The camouflage performance against visible light, near-infrared rays, and radar showed exactly the same effect as the section H of sheet A, and the camouflage sheet of the present invention showed excellent far-infrared camouflage performance both during the day and at night.

*1: Indicates the evaluation temperature between daytime and nighttime. The temperature was 17°C during the day and 7°C at night.

Effects> Since the camouflage sheet of the present invention is characterized by a structure in which sheet A and sheet B are laminated, sheet B does not reduce the various camouflage effects of sheet A in any way, and is resistant to far infrared rays. It has an excellent shielding effect, and is also flexible and has appropriate ventilation, so even though it is a composite sheet, it has the same camouflaging effect as conventional visible light, ultraviolet rays, near infrared rays, and/or radar waves. It has excellent camouflage properties against far infrared rays, is not disturbed by wind, etc., and is easy to store, making it extremely useful as a camouflage sheet.

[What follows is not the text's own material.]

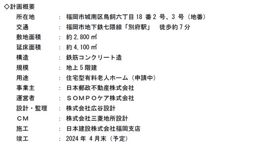 日本郵政不動産株式会社(東京都千代田区、代表取締役社長 山代裕彦)は、福岡市城南区鳥飼六丁目において、「(仮称)福岡鳥飼六丁目計画」の建設を推進してまいりましたが、この度その運営会社を「SOMPOケア株式会社」、施設名称を「SOMPOケア ラヴィーレレジデンス福岡別府」に決定いたしましたので、お知らせいたします。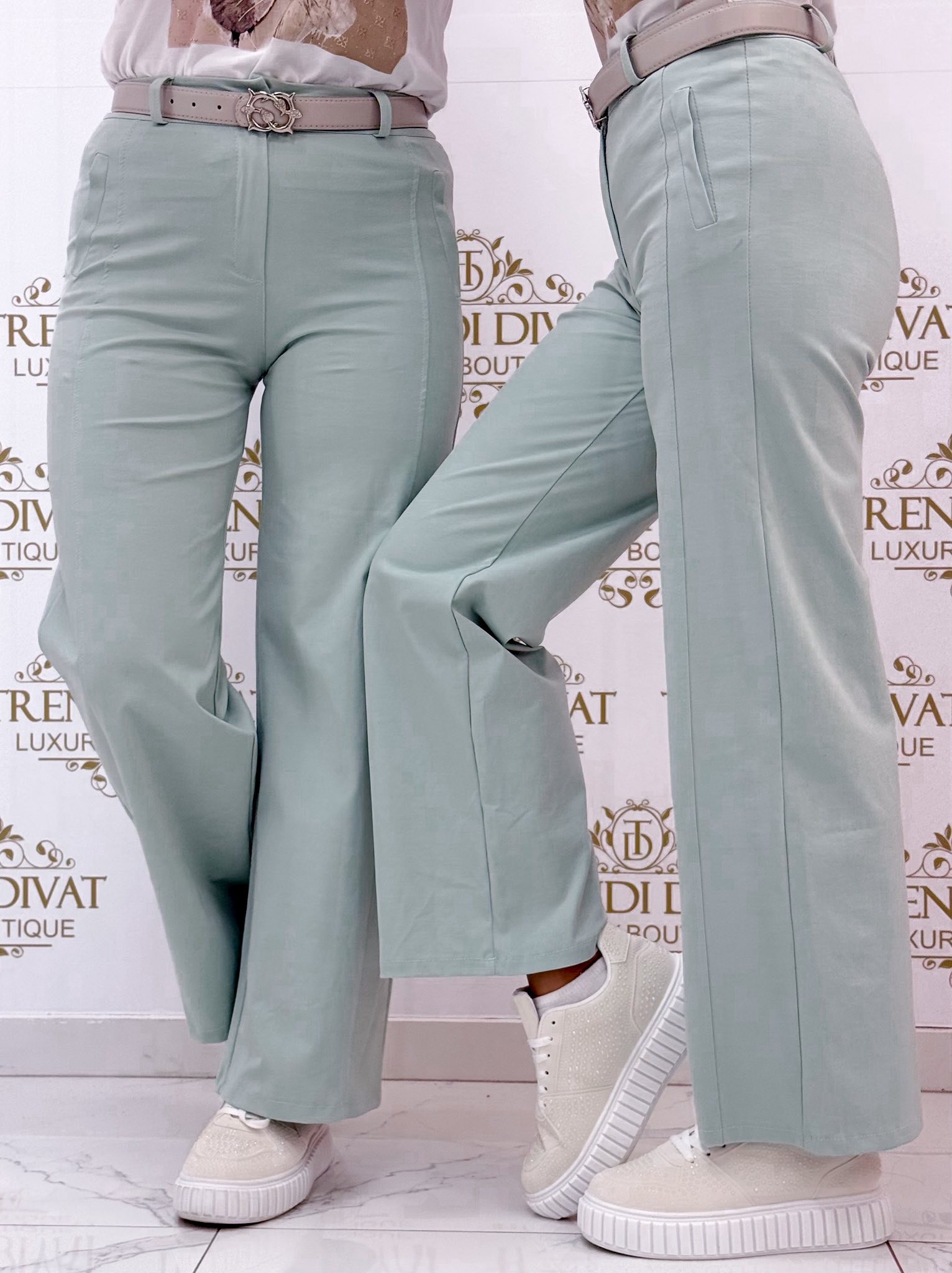 Élén varrott, középmagas derekú palazzo nadrág, ajándék övvel

[Brief explanation of drawings]

FIG. 1 is a plan view showing one embodiment of the sheet B constituting the present invention,'! J, Figure 2 is a schematic cross-sectional view of the A-A section,
In the figure, numeral 1 indicates a plastic tape. FIG. 3 shows a schematic cross-sectional view of a camouflage sheet in which sheet A and sheet B of the present invention are laminated. In the figure, 1 indicates sheet A12 and sheet B, and 3 indicates a laminated portion. FIG. 4 shows an example of a method for measuring far-infrared absorption rate, in which 1 shows an aluminum hot plate, 2 shows a sample for measuring absorption rate, 3 shows a far-infrared camera, and 4 shows the distance between the camera and the sample.

Claims (1)

[Claims] A sheet A having a camouflaging effect against at least one type of light or wave selected from the group consisting of visible light, near infrared rays, ultraviolet rays and radar waves, and a sheet made of a woven synthetic resin tape, and the tape is twisted. A composite camouflage sheet in which sheet B having an irregular surface structure is integrated.